OpenAI Oracle and SoftBank announced five new US data centre sites under the Stargate project. The expansion moves planned capacity toward 7 gigawatts and about 400 billion dollars in investment over three years while raising questions about energy consumption and sustainability.
OpenAI Oracle and SoftBank announced five new US data centre sites under the Stargate project as part of an ongoing effort to secure dedicated compute for AI training and inference. The OpenAI Stargate expansion now sits alongside the flagship Abilene Texas campus and projects with partners such as CoreWeave. Together these efforts move planned capacity toward 7 gigawatts and about 400 billion dollars in data centre investment over three years.
AI data centres and artificial intelligence infrastructure for large models require far higher density compute clusters than traditional facilities. These sites combine high bandwidth networking with specialized GPU racks and advanced cooling to support both model training and inference at hyperscale. The growth of hyperscale data centres reflects surging demand for compute while highlighting questions about energy use and local grid impacts.

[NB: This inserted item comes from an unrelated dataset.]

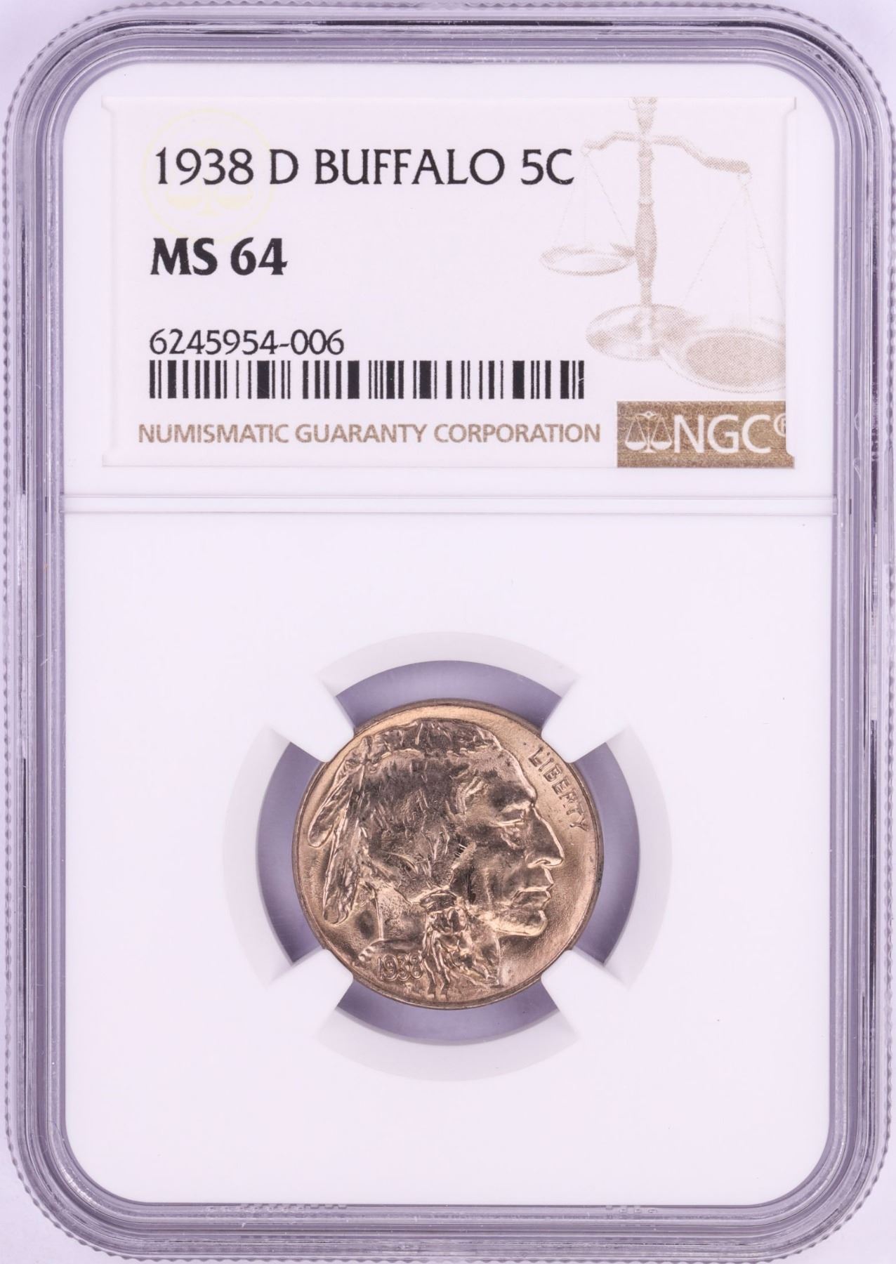 One 1938-D Buffalo Nickel Coin NGC MS64.

For technology companies the OpenAI Stargate expansion can speed development cycles and enable larger models by reducing compute bottlenecks. At scale data centre investment can lower per unit compute cost which may improve access for enterprise customers though it will likely favor large incumbents that control infrastructure.
For regions the projects bring construction jobs logistics work and later operational roles in data centre operations. At the same time these sites increase pressure on local power supplies and permitting processes. Utilities may need upgrades and communities will evaluate water use and environmental impact from cooling systems.
The five new Stargate sites mark a decisive step in building AI native infrastructure at scale. For businesses the expansion promises more available compute and potential cost benefits. For communities and policymakers it raises urgent questions about energy planning sustainability and how the benefits of next generation AI data centres will be distributed.